» Exercise
Starting with the line that contains "임대차 계약 당사자는" and ending with the last line of the entries, repeat exactly those lines and nothing else, pictures excluded.

Collected data
↓↓↓

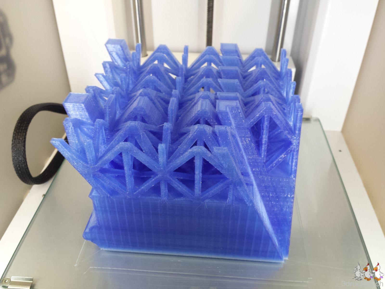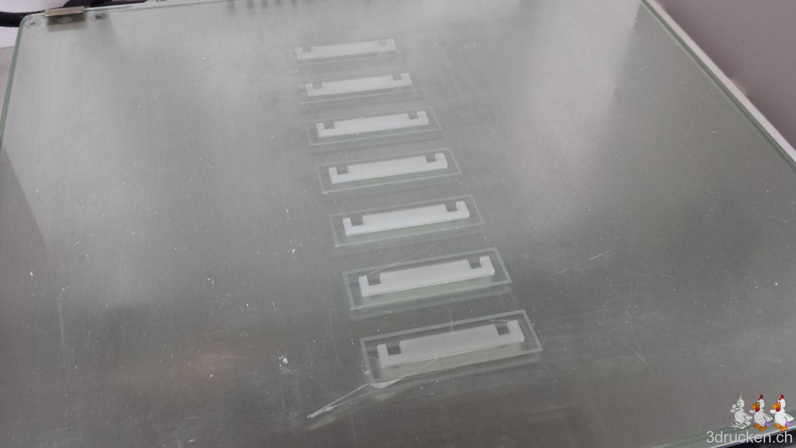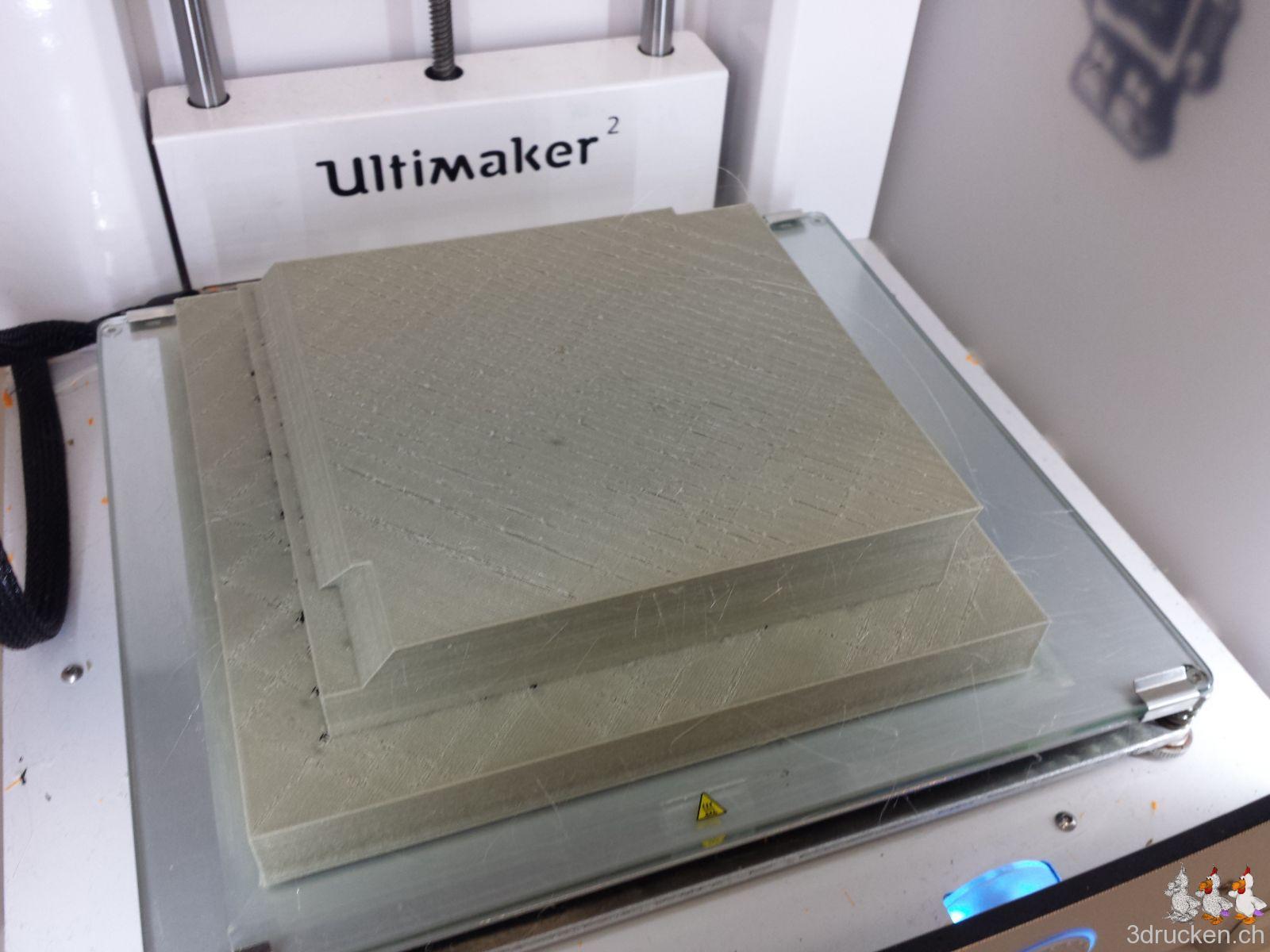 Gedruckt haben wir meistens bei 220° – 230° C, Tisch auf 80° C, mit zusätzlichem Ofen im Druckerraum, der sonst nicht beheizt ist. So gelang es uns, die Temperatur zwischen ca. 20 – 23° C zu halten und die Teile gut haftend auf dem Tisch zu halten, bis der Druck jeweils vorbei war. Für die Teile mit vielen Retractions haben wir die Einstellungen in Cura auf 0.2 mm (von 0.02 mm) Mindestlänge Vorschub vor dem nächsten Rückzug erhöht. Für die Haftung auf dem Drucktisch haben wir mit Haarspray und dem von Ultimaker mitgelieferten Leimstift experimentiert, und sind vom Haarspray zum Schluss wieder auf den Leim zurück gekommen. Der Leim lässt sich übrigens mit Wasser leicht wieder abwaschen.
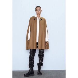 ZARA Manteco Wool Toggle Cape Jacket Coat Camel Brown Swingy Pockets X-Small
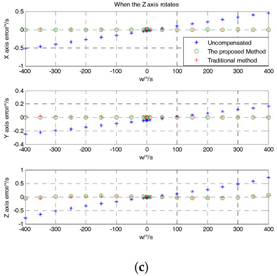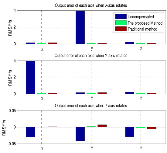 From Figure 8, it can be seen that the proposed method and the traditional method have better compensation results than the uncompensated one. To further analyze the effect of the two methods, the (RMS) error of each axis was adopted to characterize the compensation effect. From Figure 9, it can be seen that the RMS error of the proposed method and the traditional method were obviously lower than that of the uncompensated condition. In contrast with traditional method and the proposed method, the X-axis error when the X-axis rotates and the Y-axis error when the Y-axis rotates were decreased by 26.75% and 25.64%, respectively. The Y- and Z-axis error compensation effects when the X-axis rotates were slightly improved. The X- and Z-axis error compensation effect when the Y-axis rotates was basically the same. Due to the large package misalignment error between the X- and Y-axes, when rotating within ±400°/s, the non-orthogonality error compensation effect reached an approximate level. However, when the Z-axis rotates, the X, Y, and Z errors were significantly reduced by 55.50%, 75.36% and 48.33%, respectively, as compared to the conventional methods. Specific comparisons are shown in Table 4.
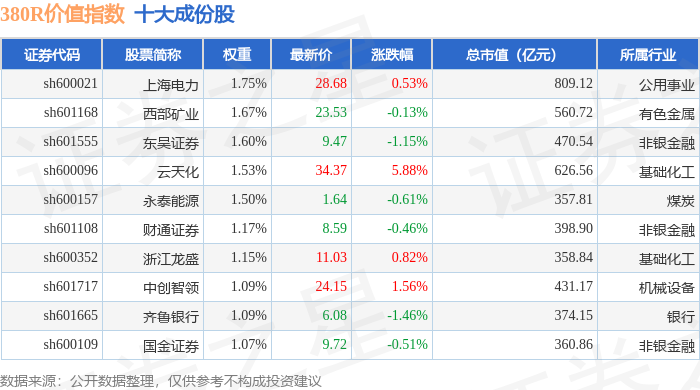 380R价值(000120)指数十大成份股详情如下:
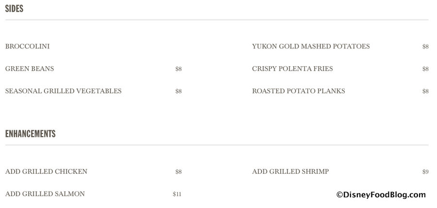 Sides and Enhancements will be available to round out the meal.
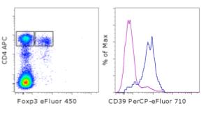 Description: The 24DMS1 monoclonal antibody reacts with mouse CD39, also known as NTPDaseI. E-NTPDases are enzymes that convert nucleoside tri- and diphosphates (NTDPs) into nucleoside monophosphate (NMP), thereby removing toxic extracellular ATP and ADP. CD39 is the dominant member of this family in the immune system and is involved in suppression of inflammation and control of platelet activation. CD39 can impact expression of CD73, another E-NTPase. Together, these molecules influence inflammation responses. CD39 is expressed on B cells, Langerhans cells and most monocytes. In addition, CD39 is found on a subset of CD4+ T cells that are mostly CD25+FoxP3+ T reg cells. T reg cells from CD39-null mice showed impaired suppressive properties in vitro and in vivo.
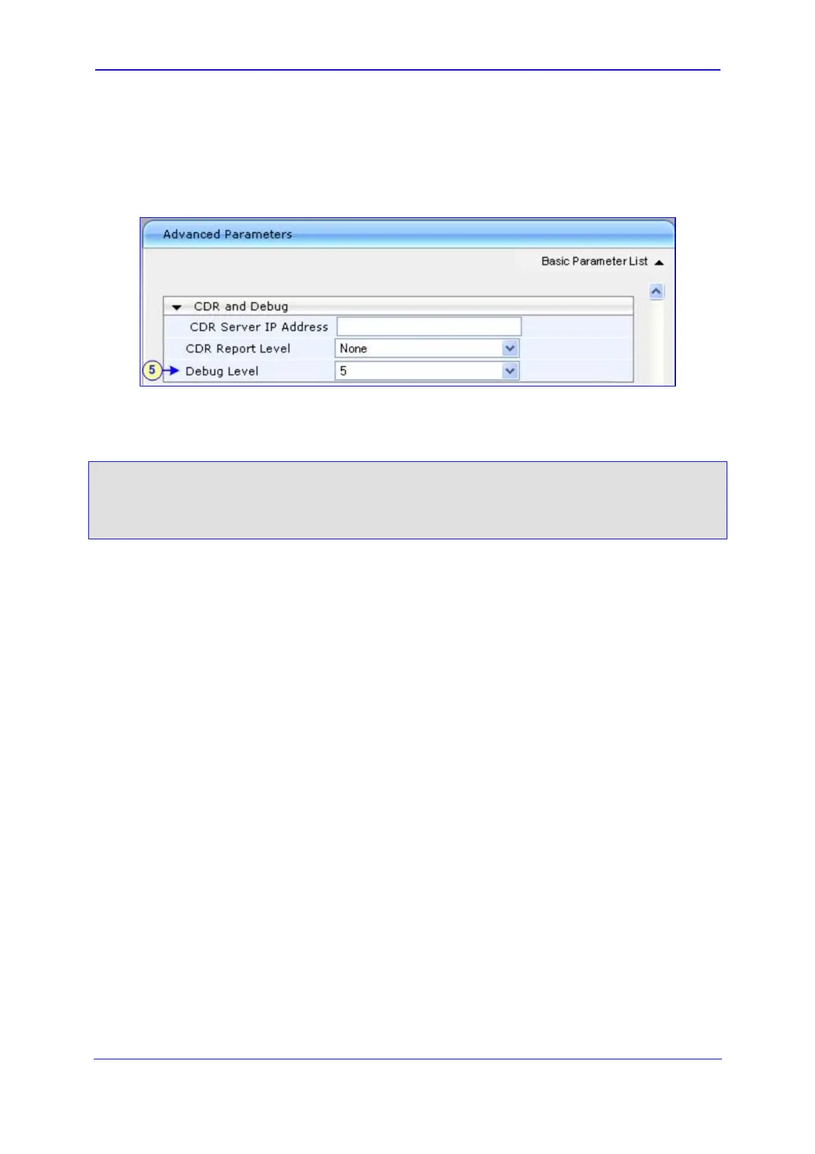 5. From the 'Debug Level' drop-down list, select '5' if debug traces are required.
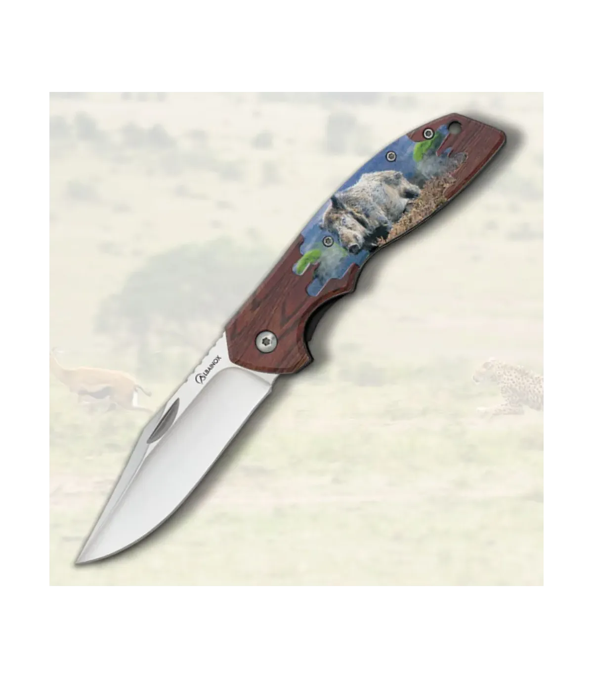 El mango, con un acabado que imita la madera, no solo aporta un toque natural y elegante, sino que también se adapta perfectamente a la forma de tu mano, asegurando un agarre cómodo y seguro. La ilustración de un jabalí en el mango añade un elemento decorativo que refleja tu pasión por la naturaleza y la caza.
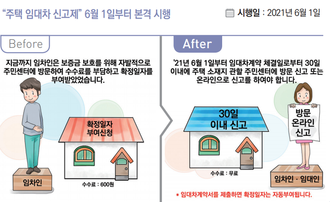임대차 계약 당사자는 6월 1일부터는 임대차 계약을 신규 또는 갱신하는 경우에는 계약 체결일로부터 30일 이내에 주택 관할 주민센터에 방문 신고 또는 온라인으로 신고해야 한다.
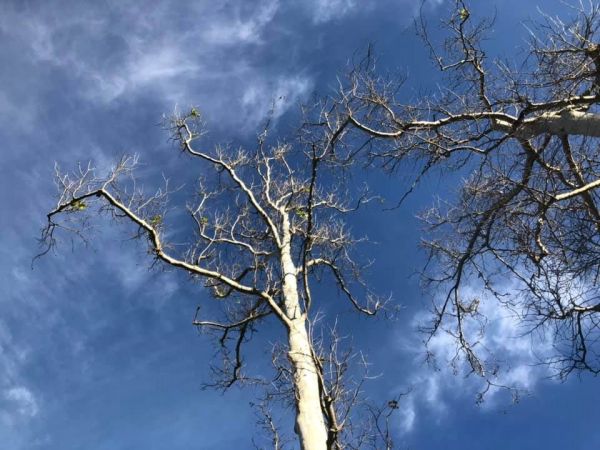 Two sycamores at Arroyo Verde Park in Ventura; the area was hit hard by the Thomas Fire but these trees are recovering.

↑↑↑

» Written answer
임대차 계약 당사자는 6월 1일부터는 임대차 계약을 신규 또는 갱신하는 경우에는 계약 체결일로부터 30일 이내에 주택 관할 주민센터에 방문 신고 또는 온라인으로 신고해야 한다.
 Two sycamores at Arroyo Verde Park in Ventura; the area was hit hard by the Thomas Fire but these trees are recovering.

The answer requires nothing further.